* [What you should do] Would you transcribe exactly the lines from the beginning of the records below through the line with "新潟がんセンター2階フロアマップ", both included, omitting the pictures?

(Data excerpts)
__________________________________________________
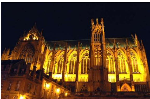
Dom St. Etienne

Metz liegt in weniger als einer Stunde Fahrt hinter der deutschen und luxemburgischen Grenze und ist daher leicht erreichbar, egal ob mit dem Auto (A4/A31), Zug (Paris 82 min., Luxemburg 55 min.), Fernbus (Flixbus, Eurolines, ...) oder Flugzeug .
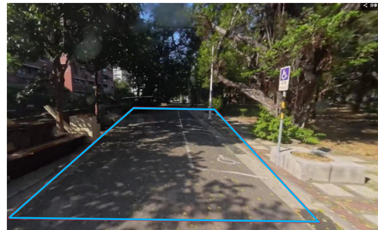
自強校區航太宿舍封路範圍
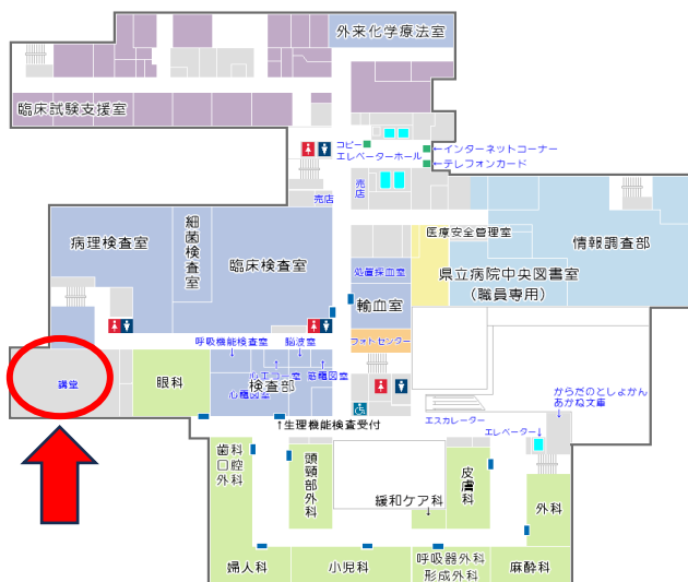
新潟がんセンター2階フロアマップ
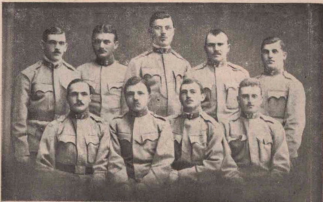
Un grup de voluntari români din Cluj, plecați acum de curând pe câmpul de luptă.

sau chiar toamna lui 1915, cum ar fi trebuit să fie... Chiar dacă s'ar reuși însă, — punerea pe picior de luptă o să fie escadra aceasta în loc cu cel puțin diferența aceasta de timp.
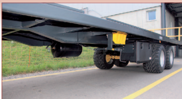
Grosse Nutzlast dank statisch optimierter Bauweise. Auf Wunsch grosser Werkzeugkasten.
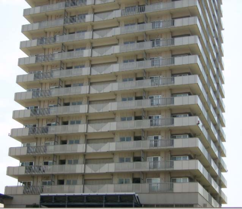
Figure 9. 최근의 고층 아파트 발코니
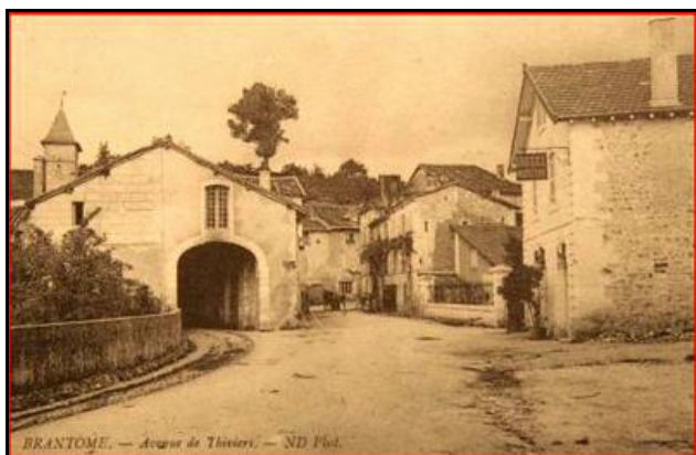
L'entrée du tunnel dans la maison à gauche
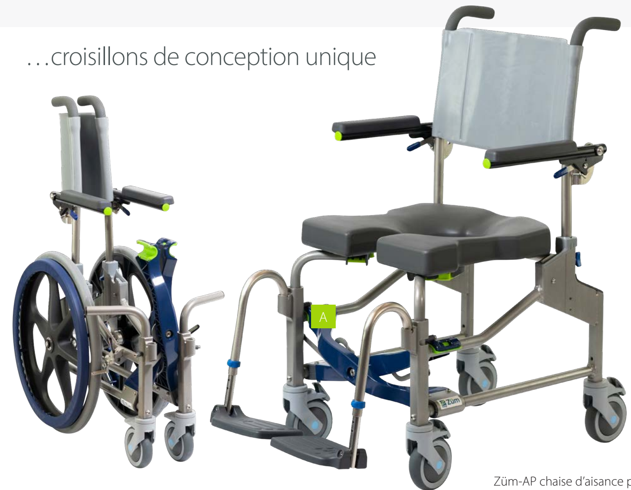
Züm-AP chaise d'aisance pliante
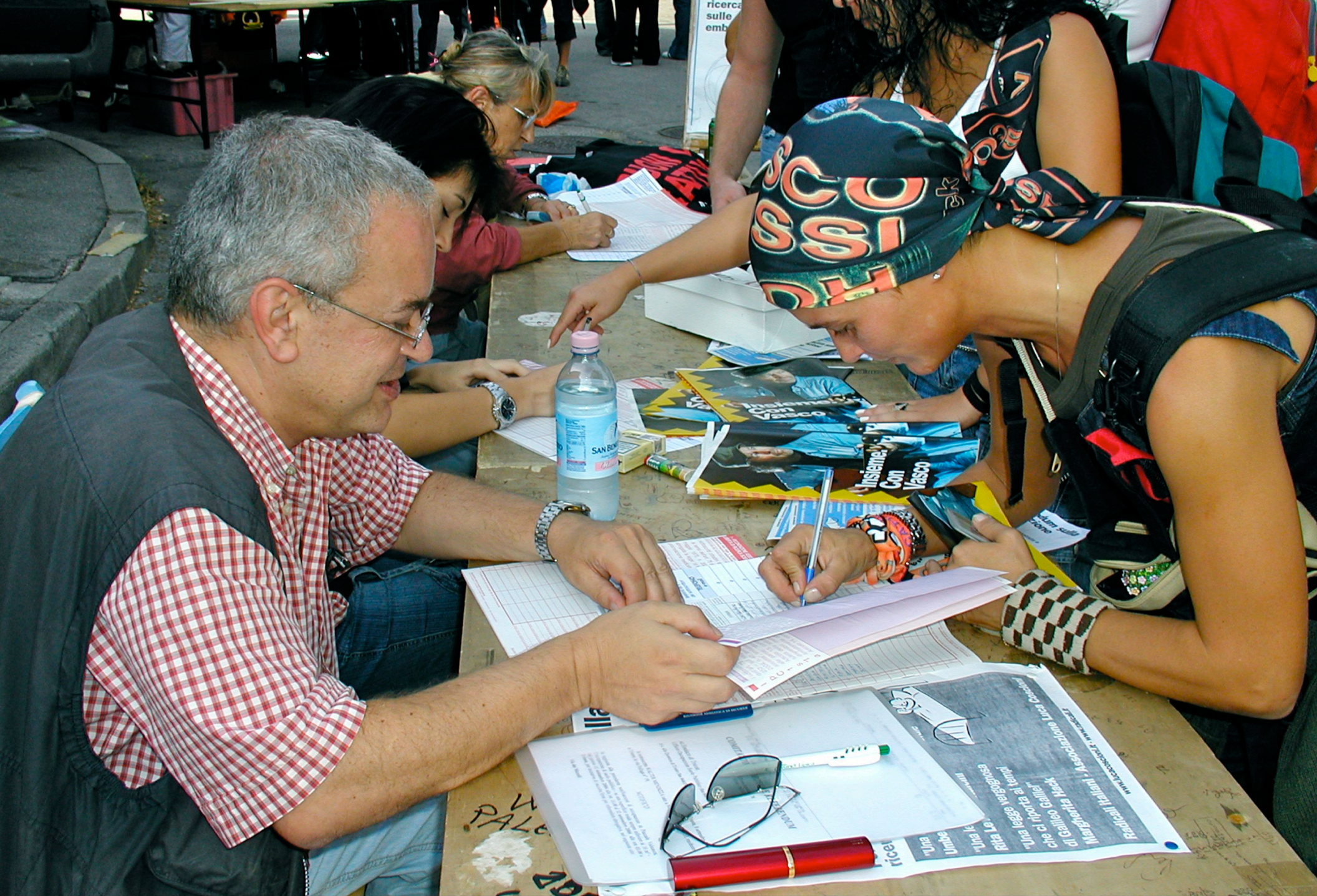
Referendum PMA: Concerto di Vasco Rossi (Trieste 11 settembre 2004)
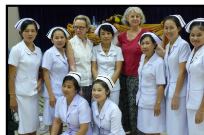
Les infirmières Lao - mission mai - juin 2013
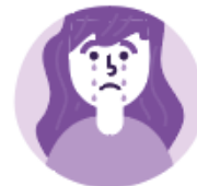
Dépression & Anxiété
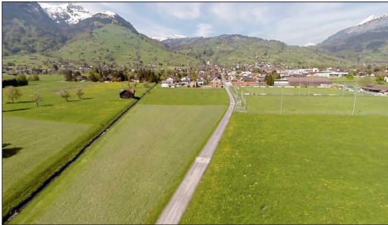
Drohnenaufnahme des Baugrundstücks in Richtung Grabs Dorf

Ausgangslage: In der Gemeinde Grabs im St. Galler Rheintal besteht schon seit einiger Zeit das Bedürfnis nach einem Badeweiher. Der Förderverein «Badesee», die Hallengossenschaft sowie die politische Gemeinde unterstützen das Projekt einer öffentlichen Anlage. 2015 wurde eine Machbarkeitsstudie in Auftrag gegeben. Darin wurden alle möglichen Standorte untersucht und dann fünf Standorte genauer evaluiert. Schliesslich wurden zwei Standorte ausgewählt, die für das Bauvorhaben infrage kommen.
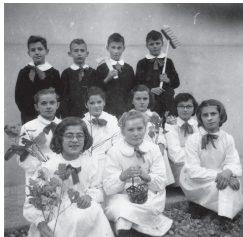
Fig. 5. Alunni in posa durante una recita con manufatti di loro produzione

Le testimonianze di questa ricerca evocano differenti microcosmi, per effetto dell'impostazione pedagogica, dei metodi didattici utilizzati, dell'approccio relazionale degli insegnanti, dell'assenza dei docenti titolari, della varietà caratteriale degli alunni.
__________________________________________________
* [Output of the task]
Dom St. Etienne

Metz liegt in weniger als einer Stunde Fahrt hinter der deutschen und luxemburgischen Grenze und ist daher leicht erreichbar, egal ob mit dem Auto (A4/A31), Zug (Paris 82 min., Luxemburg 55 min.), Fernbus (Flixbus, Eurolines, ...) oder Flugzeug .
自強校區航太宿舍封路範圍
新潟がんセンター2階フロアマップ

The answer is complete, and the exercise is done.